### Data supplied
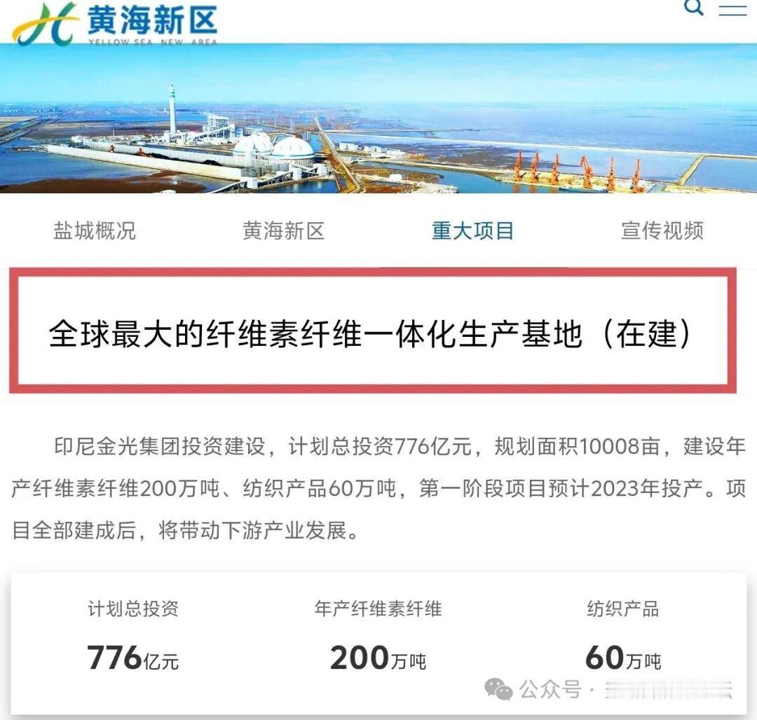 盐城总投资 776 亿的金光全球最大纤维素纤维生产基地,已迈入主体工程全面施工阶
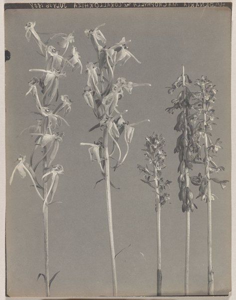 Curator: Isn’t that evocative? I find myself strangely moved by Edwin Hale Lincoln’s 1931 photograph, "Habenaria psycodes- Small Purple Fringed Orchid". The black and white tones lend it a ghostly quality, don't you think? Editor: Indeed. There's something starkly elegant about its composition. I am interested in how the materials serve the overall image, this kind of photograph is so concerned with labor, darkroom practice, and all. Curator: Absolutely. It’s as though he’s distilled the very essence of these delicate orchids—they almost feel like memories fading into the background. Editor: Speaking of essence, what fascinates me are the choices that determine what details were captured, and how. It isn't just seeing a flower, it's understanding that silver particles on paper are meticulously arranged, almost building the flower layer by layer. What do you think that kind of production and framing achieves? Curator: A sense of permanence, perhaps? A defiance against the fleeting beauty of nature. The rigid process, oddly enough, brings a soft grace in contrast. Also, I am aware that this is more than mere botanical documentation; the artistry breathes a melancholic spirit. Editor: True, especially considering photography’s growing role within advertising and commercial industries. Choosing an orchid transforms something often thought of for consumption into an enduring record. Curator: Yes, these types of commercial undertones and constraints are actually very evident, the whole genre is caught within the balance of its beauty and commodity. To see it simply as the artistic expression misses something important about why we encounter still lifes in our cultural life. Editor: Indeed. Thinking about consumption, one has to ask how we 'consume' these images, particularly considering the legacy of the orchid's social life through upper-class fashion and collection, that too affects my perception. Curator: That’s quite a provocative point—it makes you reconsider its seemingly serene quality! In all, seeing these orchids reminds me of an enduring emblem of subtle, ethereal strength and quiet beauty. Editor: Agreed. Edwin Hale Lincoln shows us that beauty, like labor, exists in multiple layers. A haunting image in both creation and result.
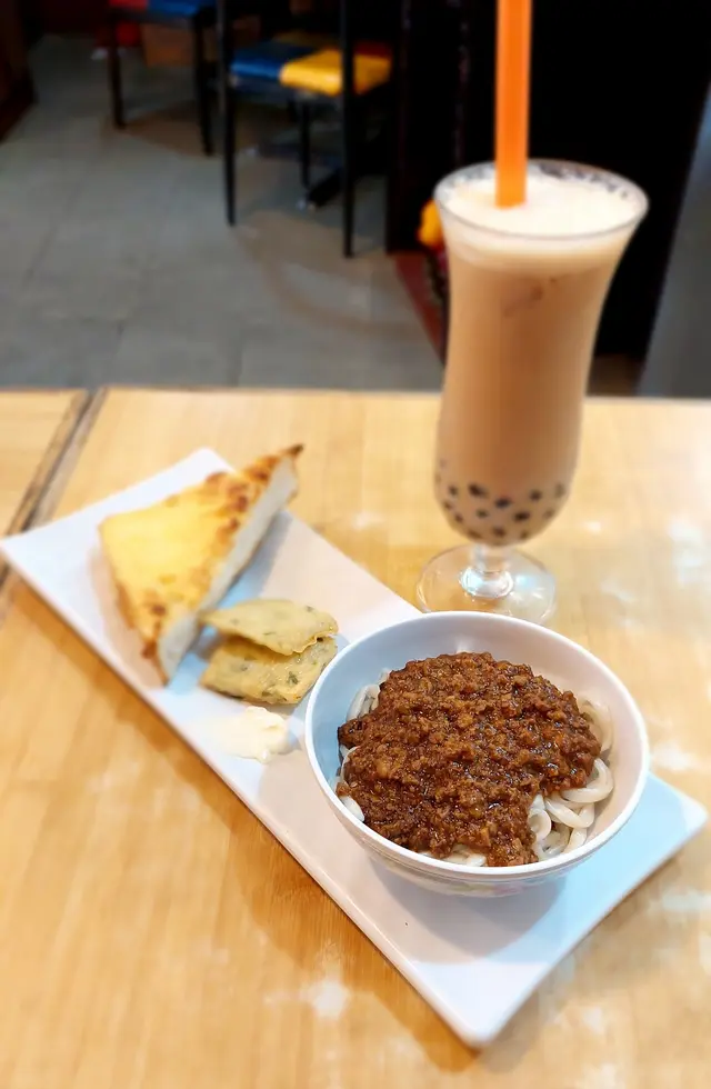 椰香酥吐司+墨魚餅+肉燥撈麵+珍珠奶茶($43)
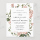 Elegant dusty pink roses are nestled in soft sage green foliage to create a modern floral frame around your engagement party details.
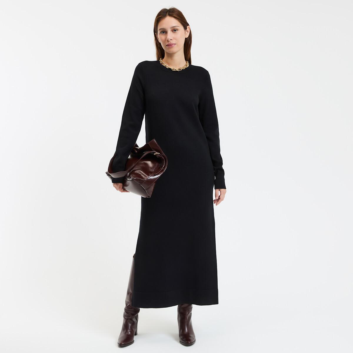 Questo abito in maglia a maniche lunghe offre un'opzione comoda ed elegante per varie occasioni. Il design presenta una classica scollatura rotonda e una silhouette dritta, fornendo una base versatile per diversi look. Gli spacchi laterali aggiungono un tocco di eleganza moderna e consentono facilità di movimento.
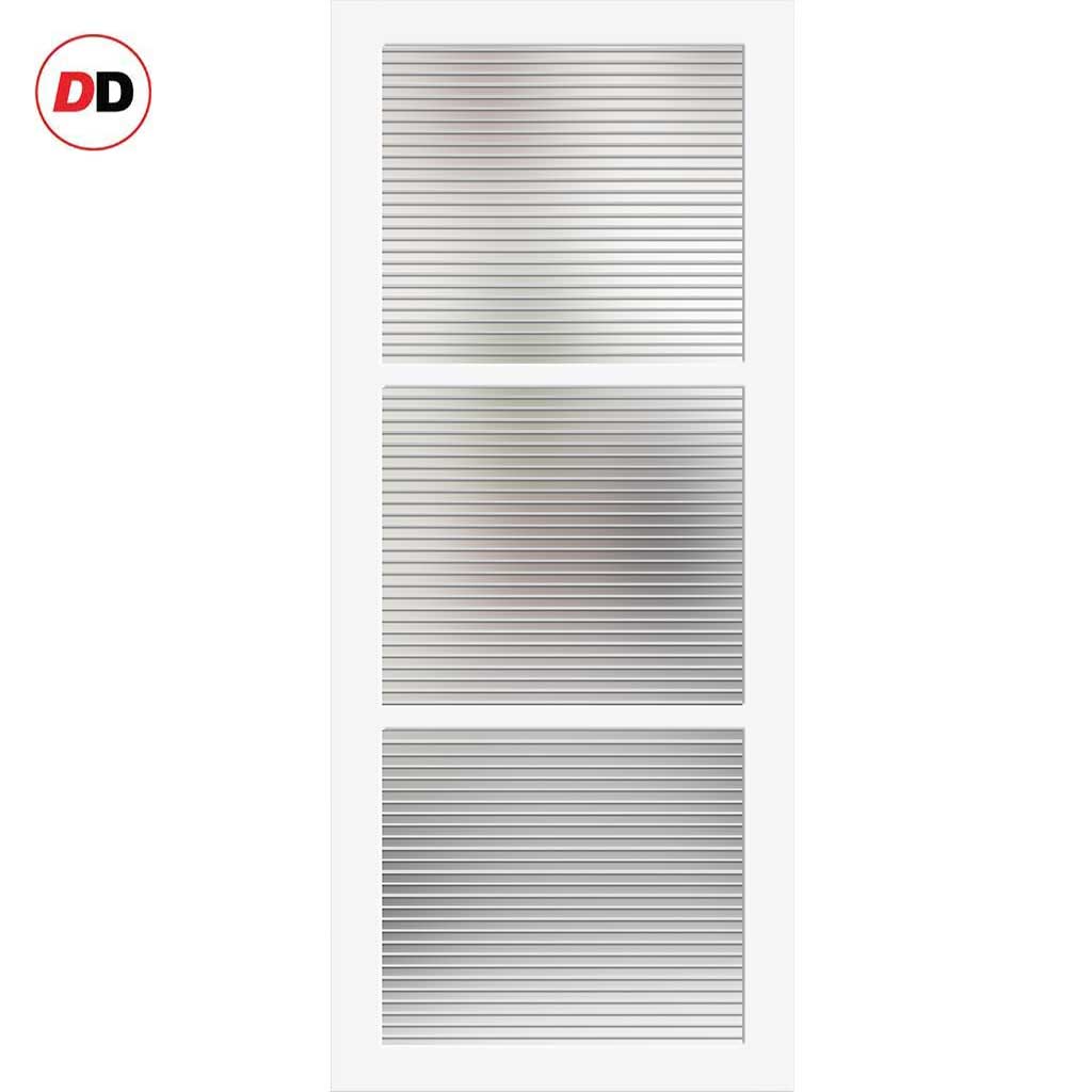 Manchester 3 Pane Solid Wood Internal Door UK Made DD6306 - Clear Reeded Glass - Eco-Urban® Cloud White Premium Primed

### What is needed
All of the material should be reproduced exactly, apart from the pictures.

### Answer box
 盐城总投资 776 亿的金光全球最大纤维素纤维生产基地,已迈入主体工程全面施工阶
 Curator: Isn’t that evocative? I find myself strangely moved by Edwin Hale Lincoln’s 1931 photograph, "Habenaria psycodes- Small Purple Fringed Orchid". The black and white tones lend it a ghostly quality, don't you think? Editor: Indeed. There's something starkly elegant about its composition. I am interested in how the materials serve the overall image, this kind of photograph is so concerned with labor, darkroom practice, and all. Curator: Absolutely. It’s as though he’s distilled the very essence of these delicate orchids—they almost feel like memories fading into the background. Editor: Speaking of essence, what fascinates me are the choices that determine what details were captured, and how. It isn't just seeing a flower, it's understanding that silver particles on paper are meticulously arranged, almost building the flower layer by layer. What do you think that kind of production and framing achieves? Curator: A sense of permanence, perhaps? A defiance against the fleeting beauty of nature. The rigid process, oddly enough, brings a soft grace in contrast. Also, I am aware that this is more than mere botanical documentation; the artistry breathes a melancholic spirit. Editor: True, especially considering photography’s growing role within advertising and commercial industries. Choosing an orchid transforms something often thought of for consumption into an enduring record. Curator: Yes, these types of commercial undertones and constraints are actually very evident, the whole genre is caught within the balance of its beauty and commodity. To see it simply as the artistic expression misses something important about why we encounter still lifes in our cultural life. Editor: Indeed. Thinking about consumption, one has to ask how we 'consume' these images, particularly considering the legacy of the orchid's social life through upper-class fashion and collection, that too affects my perception. Curator: That’s quite a provocative point—it makes you reconsider its seemingly serene quality! In all, seeing these orchids reminds me of an enduring emblem of subtle, ethereal strength and quiet beauty. Editor: Agreed. Edwin Hale Lincoln shows us that beauty, like labor, exists in multiple layers. A haunting image in both creation and result.
 椰香酥吐司+墨魚餅+肉燥撈麵+珍珠奶茶($43)
 Elegant dusty pink roses are nestled in soft sage green foliage to create a modern floral frame around your engagement party details.
 Questo abito in maglia a maniche lunghe offre un'opzione comoda ed elegante per varie occasioni. Il design presenta una classica scollatura rotonda e una silhouette dritta, fornendo una base versatile per diversi look. Gli spacchi laterali aggiungono un tocco di eleganza moderna e consentono facilità di movimento.
 Manchester 3 Pane Solid Wood Internal Door UK Made DD6306 - Clear Reeded Glass - Eco-Urban® Cloud White Premium Primed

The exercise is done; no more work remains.